La missive de Pierre Bretevil, février 2013

α) Le dispositif Duflot

Afin d’inciter à la construction de logements neufs dans les zones où il existe une demande locative forte, un nouveau dispositif d’investissement immobilier, dénommé « dispositif Duflot » a été instauré par la loi de finances pour 2013 (loi n° 2012-1509 du 29 décembre 2012, Journal Officiel du 30 décembre).
Il s’agit d’une réduction d’impôt sur le revenu accordée aux contribuables, personnes physiques, domiciliés en France qui acquièrent, directement ou par l’intermédiaire d’une société non soumise à l’impôt sur les sociétés, un logement neuf ou en l’état futur d’achèvement entre le 1er janvier 2013 et le 31 décembre 2016, à certaines conditions.
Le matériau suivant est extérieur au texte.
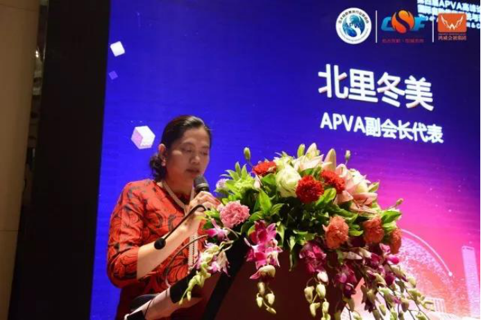 APVA副会长代表北里冬美致辞:分析了目前自助售货与新零售的新形态现况,并希望在亚太自助售货行业联合会于会长的领导下行业更规范,资源更融合,发展更稳健,并预祝2018中国(广州)国际自助售货系统与设施博览交易会圆满成功。
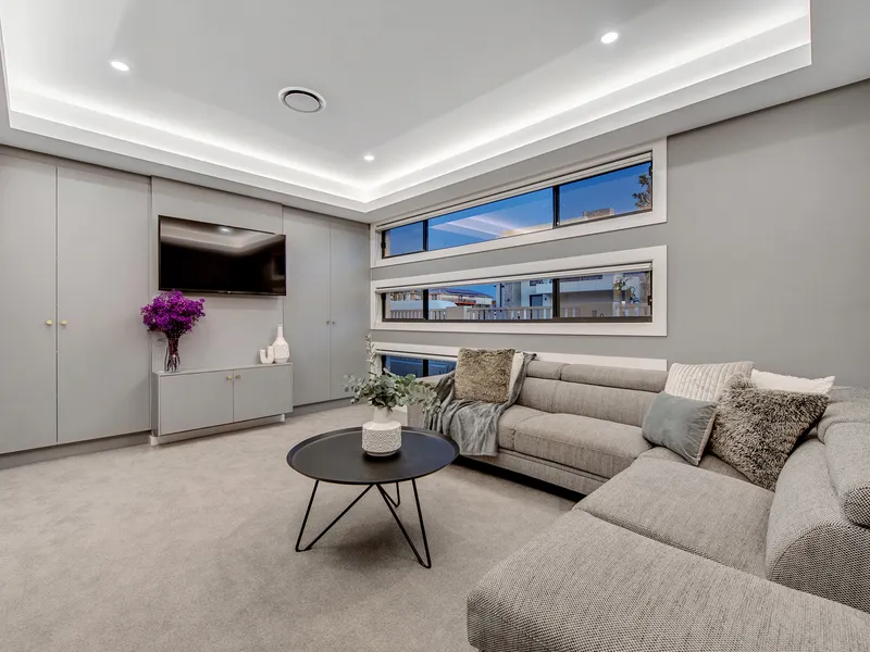 Around the corner off the hall you'll find the huge powder room with floating vanity, stone benchtops, wall sconce and LED lowlighting, on-trend kitkat tiles and the toilet tucked behind a privacy wall. Continuing down the hall, 2.7m ceilings overhead and sleek 1.2m floor tiles underfoot, lead you further into the home. To your right is the huge media room with bulkhead and LED lighting plus floor to ceiling inbuilt cupboards.
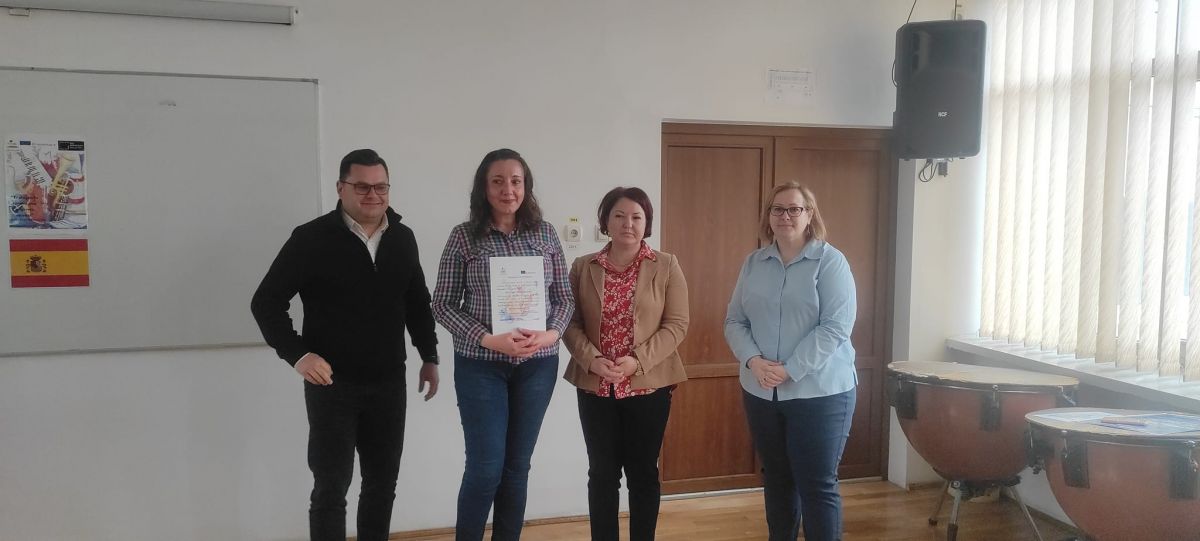 În săptămâna 27-31 martie 2023, Liceul de Artă a găzduit ultima mobilitate din cadrul proiectului Erasmus+, “Working in/with a school orchestra” 2020-1-ES01-KA229-082806_2 ”, proiect de parteneriat strategic care constă în schimbul de bune practici și colaborare, concentrându-se pe munca în jurul orchestrei școlii, pregătirea și desfășurarea diferitelor spectacole muzicale, o activitate care pentru ambele licee este un spațiu ideal pentru munca în echipă.
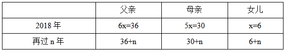 已知女兒出生當(dāng)年(按0歲計(jì)算)母親24歲,即母親比女兒大24歲,有5x-x=24,解得x=6,故可得2018年三人年齡并填在表中。再過n年,父母年齡之和是女兒的4倍,有36+30+2n=4×(6+n),解得n=21,所以在2018+21=2039年父母年齡之和是女兒的4倍。故選B。
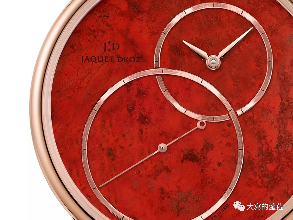 △雅克德罗这款以赤铜矿制成的表盘,成色更接近古代用以化妆的胭脂红。
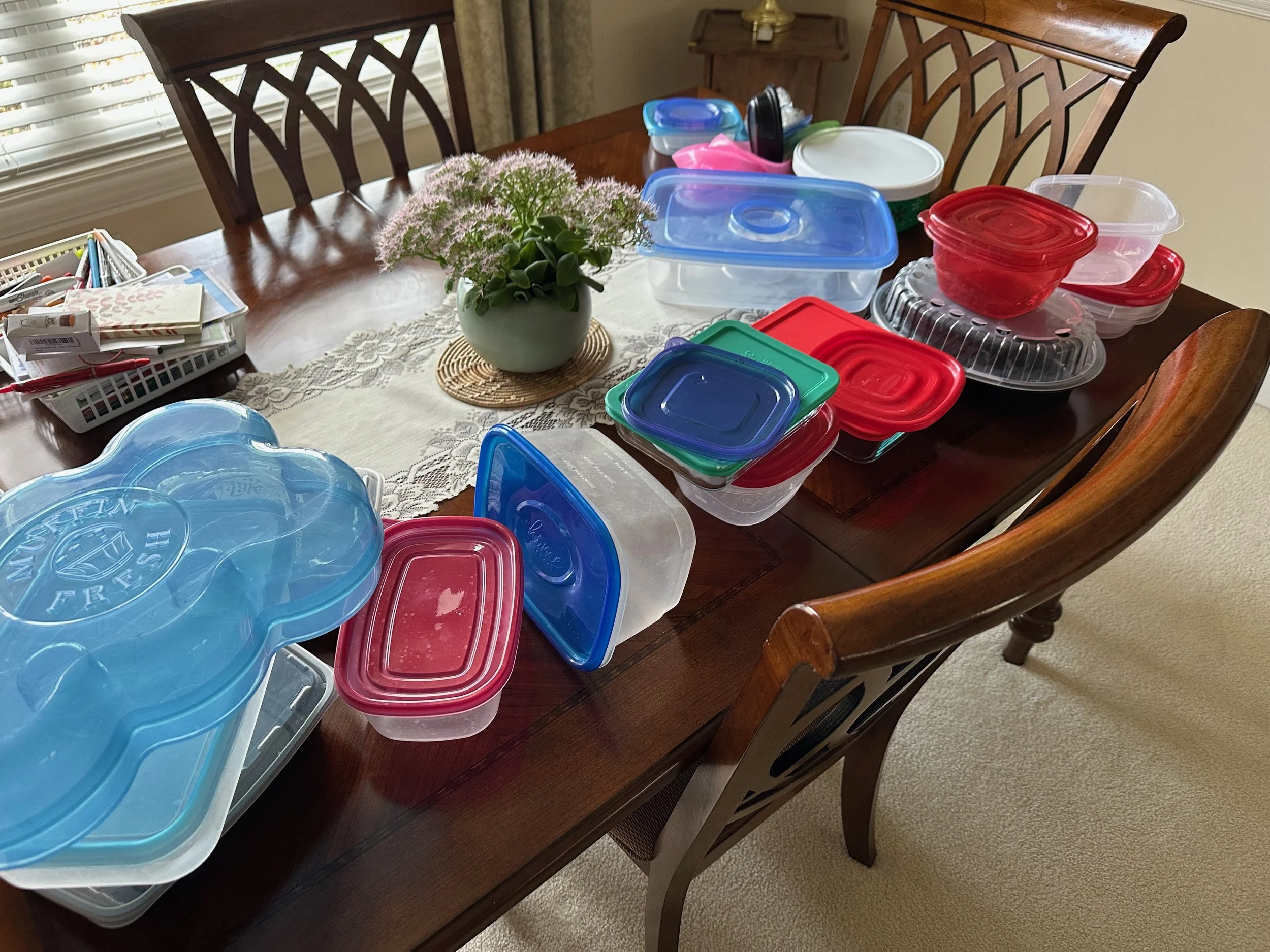 We assembled a parade of plastic on the dining room table. We got rid of any bowl without a lid as well several others.

•    La durée de location du bien

Les acquéreurs s’engagent à louer vide leur bien immobilier à usage d’habitation principale dans les 12 mois qui suivent l’acquisition ou l’achèvement, pendant au moins 9 ans.
Le droit de propriété ne peut pas être démembré (usufruit /nue-propriété) pendant la période d’engagement de location, sauf en cas de décès.

•    Le locataire

La location ne peut pas être conclue avec un membre du foyer fiscal, un ascendant ou descendant du propriétaire. Elle ne peut pas non plus être conclue au profit d’un des associés de la société acquéreur ni même avec un membre de son foyer fiscal, un ascendant ou descendant.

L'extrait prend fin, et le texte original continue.